Con il Museo Bagatti Valsecchi si conclude il nostro viaggio tra le incantevoli residenze del passato che custodiscono veri e propri tesori dell'arte e della cultura milanese, si tratta di luoghi affascinanti e facilmente raggiungibili percorrendo le vie cittadine, nei pressi del centro, veri e propri gioielli segreti, tra i più antichi del cuore della città.
Il Museo Bagatti Vasecchi si trova a ridosso di Via Montenapoleone, un luogo magico, da visitare con calma per respirare la giusta atmosfera ed osservare con attenzione le molteplici opere esposte, circondati dallo splendore della casa con i suoi arredi e la sua storia.

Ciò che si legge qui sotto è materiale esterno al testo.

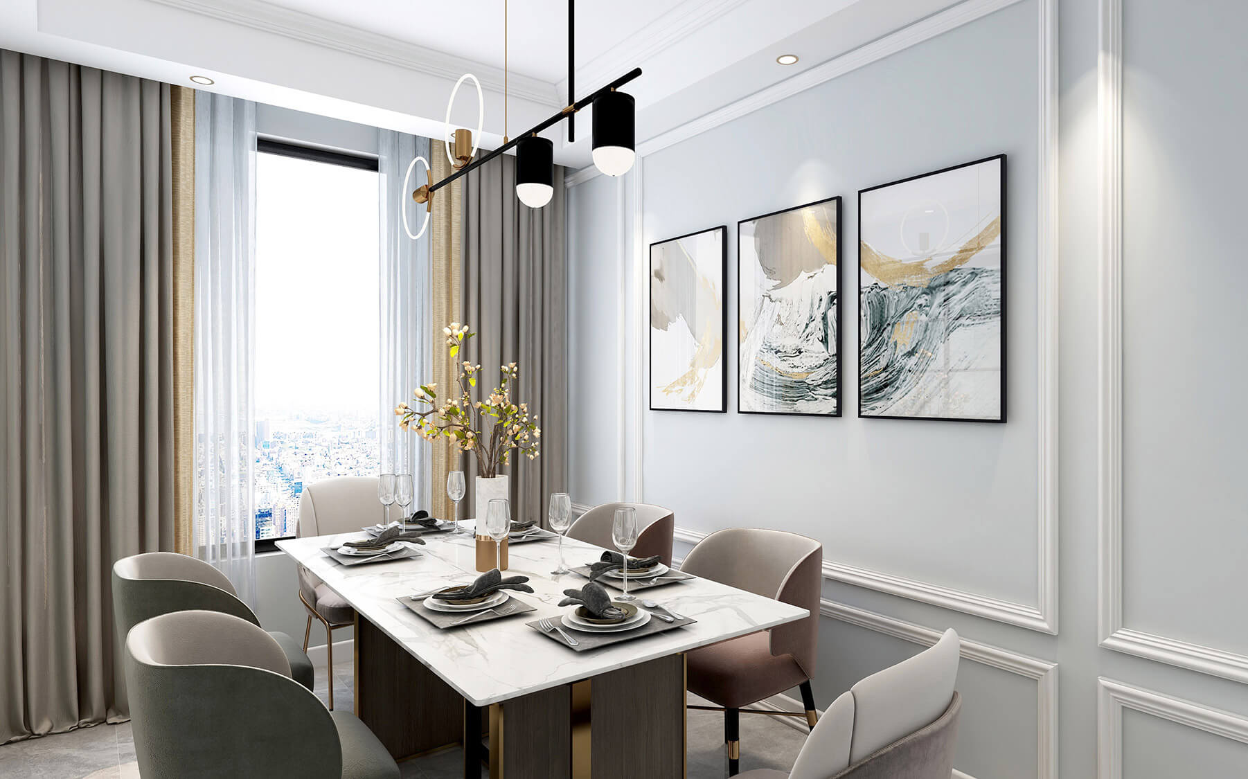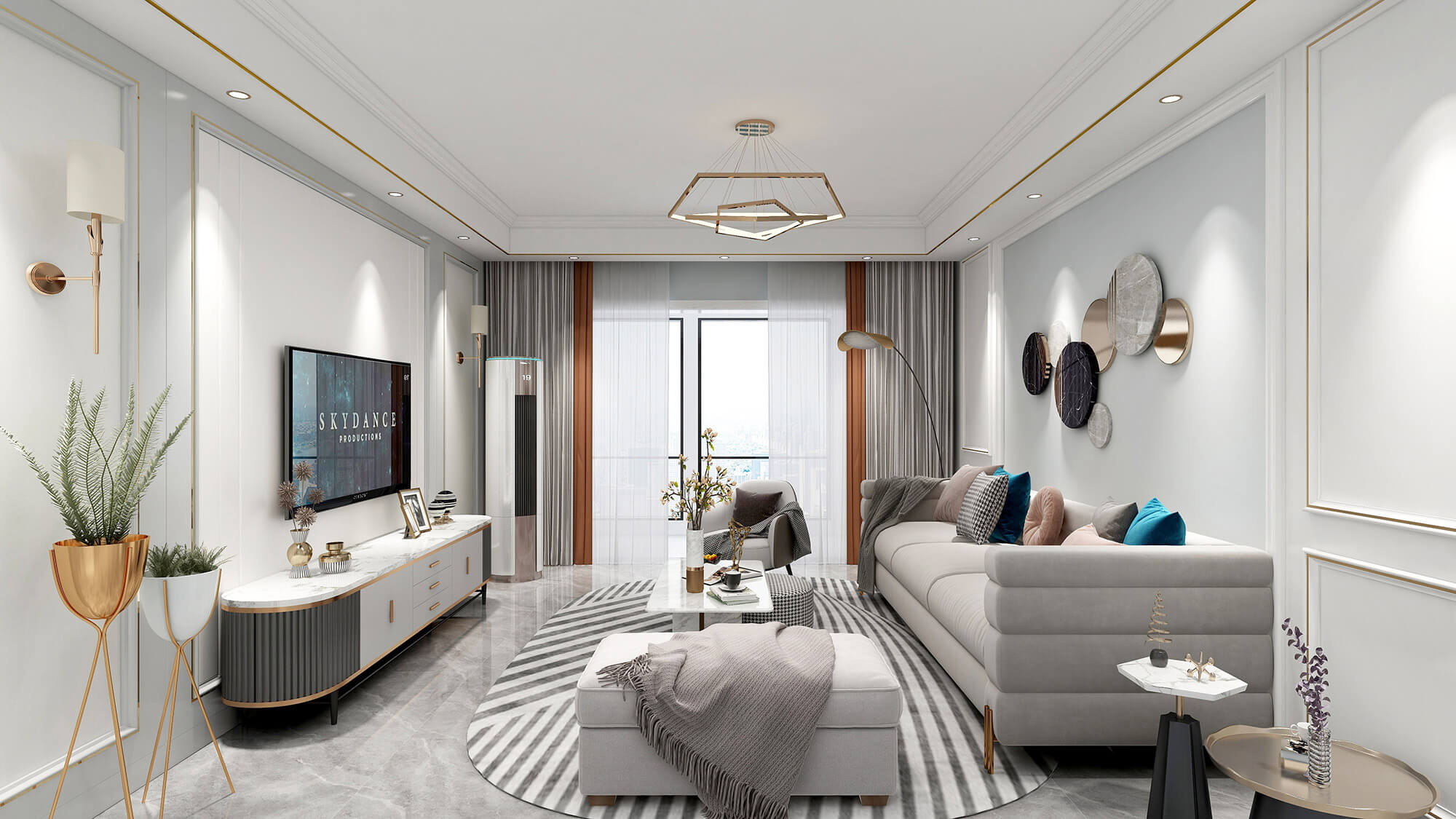 本案戶型為:3房2廳2衛,總面積111㎡。業主喜歡現代輕奢風。設計師通過最熱門的輕奢元素,高級質感的輕奢家居與擺件,搭配地磚的溫潤內斂,在視覺上可以形成一股極強的藝術張力。為居住者打造一個時尚精致的現代家居環境。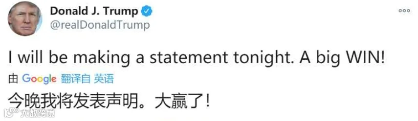 “我们正准备赢下这场选举,说实话,我们确实赢了。”“今晚我将发表声明。大赢了。”

I Borghi, ovvero il quartiere tra via Spiga e Montenapoleone non sono al tempo una zona residenziale di lusso, ma appaiono caratterizzati dalla presenza di monasteri, botteghe artigiane, piccole case di abitazione. Nel 1880, alla morte della loro madre, Fausto e Giuseppe Bagatti Valsecchi decidono di ristrutturare la dimora di famiglia, trasformandola nella sontuosa rievocazione di una dimora patrizia del Rinascimento lombardo; la predilezione esclusiva che, viene riservata all’arte quattro-cinquecentesca è in linea con il revival rinascimentale con cui l’Italia postunitaria esprime il proprio linguaggio artistico ufficiale.
Inoltre, per i Bagatti Valsecchi tale fastosa ristrutturazione contribuisce all’accrescimento del prestigio sociale della famiglia. Schiere di artigiani lavorano sotto la direzione dei due fratelli agli apparati decorativi neorinascimentali che intonano la casa alle collezioni quattro-cinquecentesche da essi acquisite.
La Storia
I fratelli Fausto (1843 - 1914) e Giuseppe Bagatti Valsecchi (1845 - 1934) appartengono a un’importante famiglia milanese, il cui titolo baronale data al 1826.
La confidenza con il mondo dell’arte viene acquisita precocemente dai due fratelli grazie al padre Pietro, miniaturista su smalto e avorio al tempo assai apprezzato. Seguendo una consolidata tradizione di famiglia, i due compiono studi in legge, che di fatto non metteranno mai a frutto in un’attività professionale.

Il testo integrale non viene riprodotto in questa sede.